Unlike Hanson, Korpi has decided to sign up for the plan, and she already knows which plan she's going to pick. She made that decision several days before attending the forum.
"I figured out what my expenses are, and figured out the premiums, and that helped me in decision-making which program to choose," said Korpi. "I did homework for at least three hours."
It really does matter which plan somebody chooses. For someone who takes a lot of medications and has high drug costs, the difference could be in the hundreds, if not thousands of dollars.
- Patricia Neuman, Kaiser Family Foundation
Shirley Rosenbaum figured she will have to spend at least that much time picking out her plan. Rosenbaum's prescription drugs cost almost $6,000 a year, so she's pretty sure the Medicare drug program will save her money.
But when she spoke with drug plan representatives after the meeting, she had a hard time finding out whether her drugs are covered under their plans.
"It's pretty hard because you can't get really specific unless you get someone actually one on one. That's the thing," said Rosenbaum. "Trying to find what drugs are covered is the biggest problem, because that's the only way you're going to be able to find out whether it's going to help you or not."
Other seniors are wondering why they're being encouraged to sign up for the program now, if they don't have high prescription drugs costs. Doug Mattson and his wife Maryann don't need the coverage yet.
"I don't think any of them are going to make sense, because we don't spend as much money in a year for either one of us for drugs as the premium will be, or even the $250 deductible," said Doug Mattson. "We don't have that high of drug costs."
If the Mattsons don't sign up during this enrollment period, they will have to pay a penalty if they ever do want to sign up. The penalty equals 1 percent of a plan's premium for every month that a senior is qualified for approved drug coverage, but doesn't take it.
Patricia Neuman with the Kaiser Family Foundation, a nonprofit, nonpartisan organization that studies health care issues, says the penalty is designed to encourage healthy seniors to enroll right away.
"The reason the penalty is in place is because the program really can't work if only sicker and expensive people sign up," said Neuman.
Neuman says the Medicare drug plan won't be successful if a majority of the 43 million seniors on Medicare don't join the insurance risk pool.

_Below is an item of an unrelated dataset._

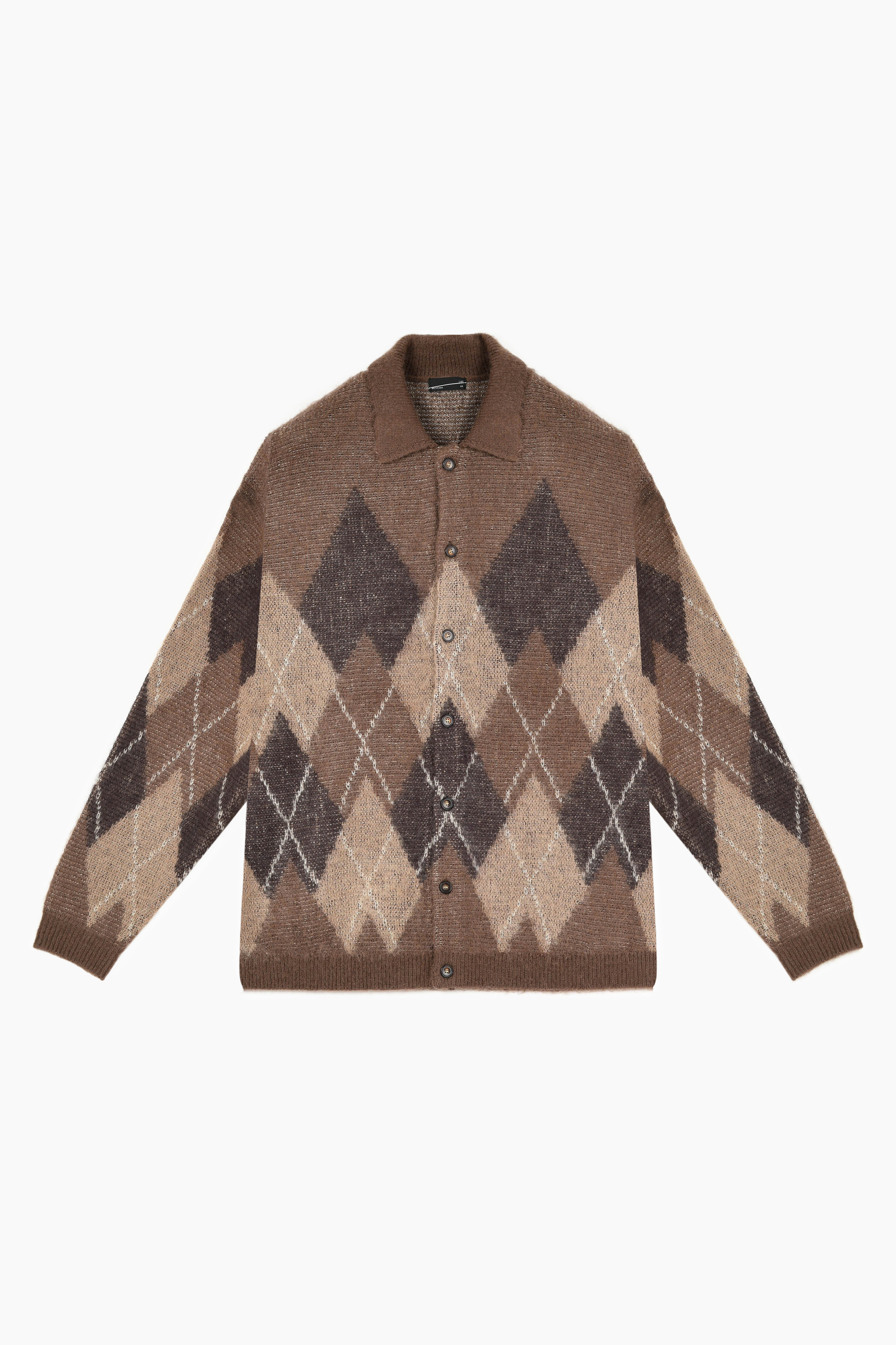 モヘアの混紡糸を使用したアーガイル柄のニットシャツ。
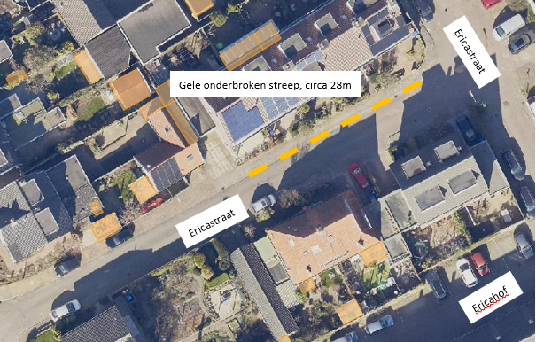 doormiddel van het plaatsen van gele onderbroken streep als bedoeld in artikel 24, eerste lid, sub e, van het RVV-1990, op het betreffende weggedeelte van de Ericastraat, ter hoogte van huisnummer 1 t/m 9, een parkeerverbod in te voeren.

But that remains a tough sell with seniors. Kaiser's own poll found that 39 percent of them don't believe the benefit will help them. Only one in five seniors in the survey said they planned to sign up.
Neuman thinks some of their concerns might simply be a matter of misunderstanding. She says their poll showed two-thirds of seniors say they still don't understand the drug benefit well or at all.
"What surprised us somewhat is that we thought understanding would be rising, because the government is doing so much more to make people aware of the drug benefit," says Neuman. "But I think what we're seeing is while people are more generally aware, they're not specifically understanding what it will mean for them. And that's really the most important question."
Neuman acknowledges it is a complicated program. She says she's personally been helping some seniors try to figure out what plan is best for them. Besides taking a lot of time and energy, it's also possible to make a costly mistake.
"It really does matter which plan somebody chooses," says Neuman. "For someone who takes a lot of medications and has high drug costs, the difference could be in the hundreds, if not thousands of dollars. So this is a very important decision for many seniors who live on fixed incomes."
Neuman says it's crucial for many seniors to get some one-on-one help, whether it's from a family member, a friend or a pharmacist. Seniors can also call 1-800-Medicare for assistance. Or if they're comfortable using the Internet they can go to the Medicare.gov Web site for details on all of the drug plans.
The new Medicare prescription drug program takes effect on Jan. 1, 2006. Enrollment continues until May 15, 2006.